Subject: Re: [RFC][PATCH 1/1] cxgb3i: cxgb3 iSCSI initiator

Karen Xie wrote:
> Cxgb3i iSCSI driver
>
> Signed-off-by: Karen Xie <[email protected]>
> ---
>
> drivers/scsi/cxgb3i/Kconfig | 6
> drivers/scsi/cxgb3i/Makefile | 5
> drivers/scsi/cxgb3i/cxgb3i.h | 155 +++
> drivers/scsi/cxgb3i/cxgb3i_init.c | 109 ++
> drivers/scsi/cxgb3i/cxgb3i_iscsi.c | 800 ++++++++++++++
> drivers/scsi/cxgb3i/cxgb3i_offload.c | 2001 ++++++++++++++++++++++++++++++++++
> drivers/scsi/cxgb3i/cxgb3i_offload.h | 242 ++++
> drivers/scsi/cxgb3i/cxgb3i_ulp2.c | 692 ++++++++++++
> drivers/scsi/cxgb3i/cxgb3i_ulp2.h | 106 ++
> 9 files changed, 4116 insertions(+), 0 deletions(-)
> create mode 100644 drivers/scsi/cxgb3i/Kconfig
> create mode 100644 drivers/scsi/cxgb3i/Makefile
> create mode 100644 drivers/scsi/cxgb3i/cxgb3i.h
> create mode 100644 drivers/scsi/cxgb3i/cxgb3i_init.c
> create mode 100644 drivers/scsi/cxgb3i/cxgb3i_iscsi.c
> create mode 100644 drivers/scsi/cxgb3i/cxgb3i_offload.c
> create mode 100644 drivers/scsi/cxgb3i/cxgb3i_offload.h
> create mode 100644 drivers/scsi/cxgb3i/cxgb3i_ulp2.c
> create mode 100644 drivers/scsi/cxgb3i/cxgb3i_ulp2.h

Comments:

* SCSI drivers should be submitted via the [email protected]
mailing list.

* The driver is clean and readable, well done

* From a networking standpoint, our main concern becomes how this
interacts with the networking stack. In particular, I'm concerned based
on reading the source that this driver uses "TCP port stealing" rather
than using a totally separate MAC address (and IP).
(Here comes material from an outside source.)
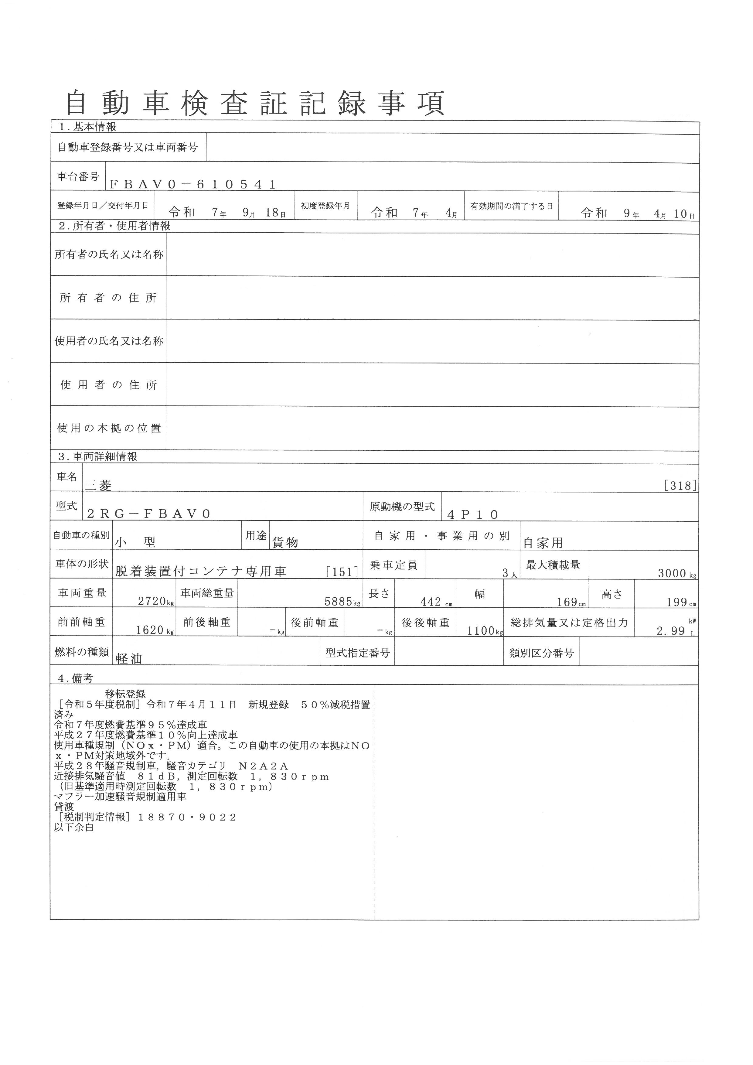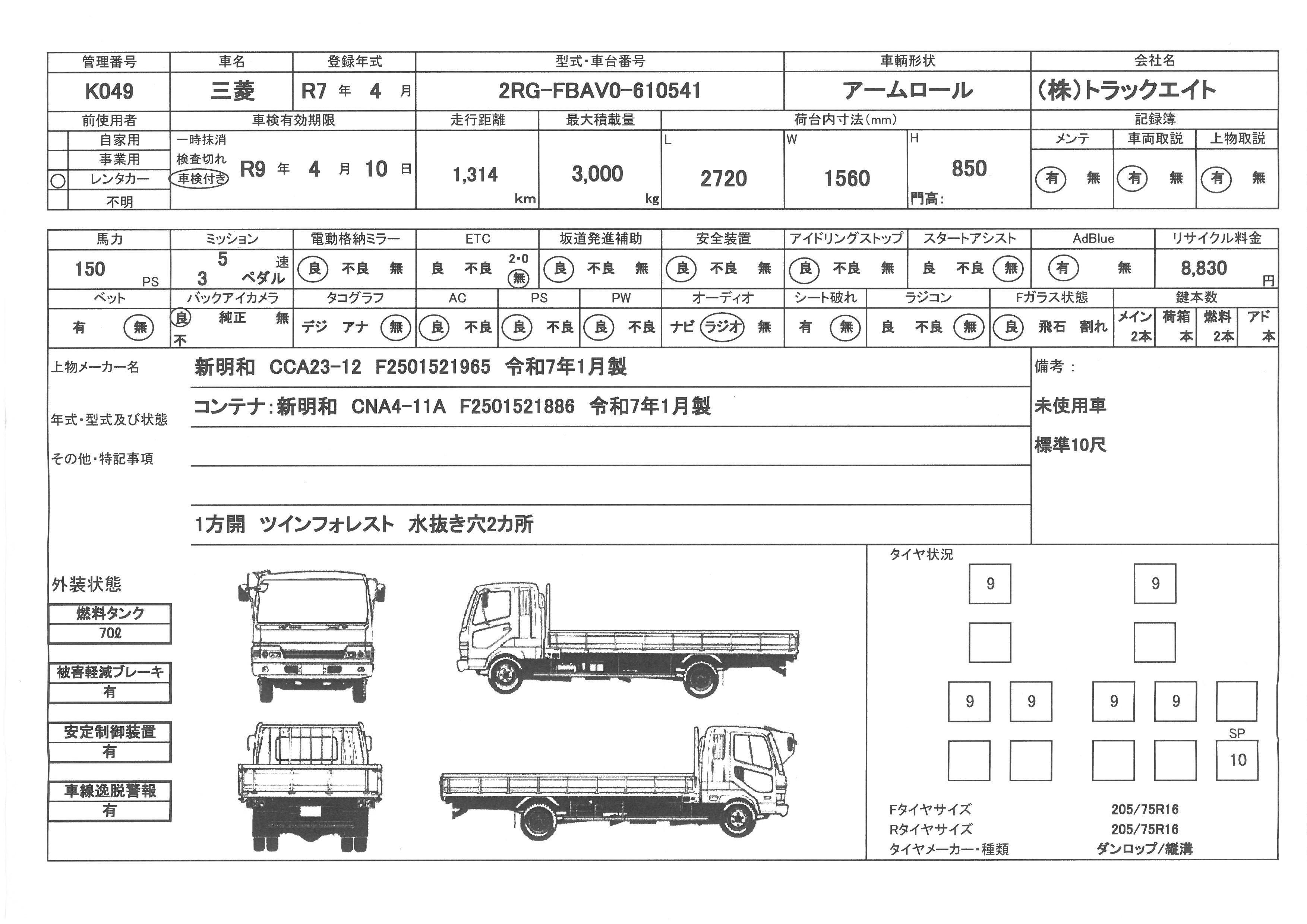 | 走行距離 | 1千km | リサイクル料 | 8830円 | 積載量 | 3000㎏ |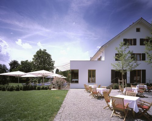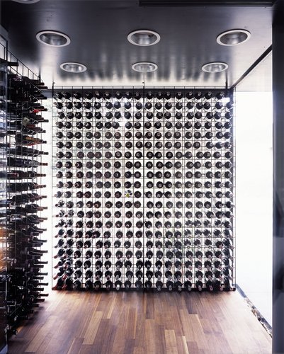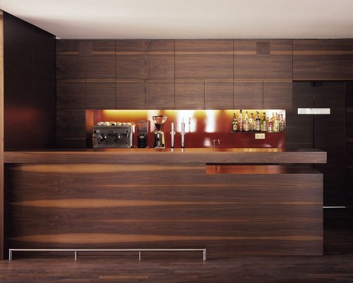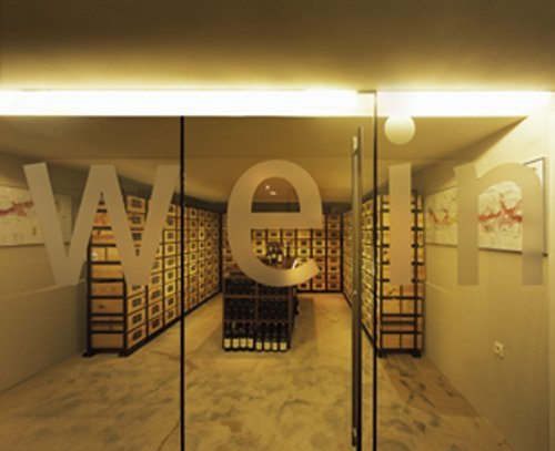 Die Restaurant-Ebene im Halbgeschoß wurde entkernt und südseitig mit großen Öffnungen versehen um gleichsam in den paradiesischen Park einzutauchen, das erhöhte EG-Niveau erweitert die Blickdistanz. Eine Außentreppe führt auf die Terrassenzone; ostseitig ist es eine Rampe, die zum Outdoor-Bistro Bereich führt und nordseitig führt die Eingangstreppe zum „Signet“ des Hauses: ein Weindepot gleichsam im Schaufenster. Der Eingangsbereich ist in dunklem Nussholz gehalten, hinter dessen Paneelen sich die Zugänge in die Obergeschosse und in jenen Bereich des Kellers, der Gästen zugänglich ist, verstecken. Ruhige Linienführung und klare Materialwahl dienen dazu, die vorgegebenen niederen Raumhöhen vergessen zu machen.

Stealing a TCP port on an IP/interface already assigned is a common
solution in this space, but also a flawed one. Precisely because the
kernel and applications are unaware of this "special, magic TCP port"
you open the potential for application problems that are very difficult
for an admin to diagnose based on observed behavior.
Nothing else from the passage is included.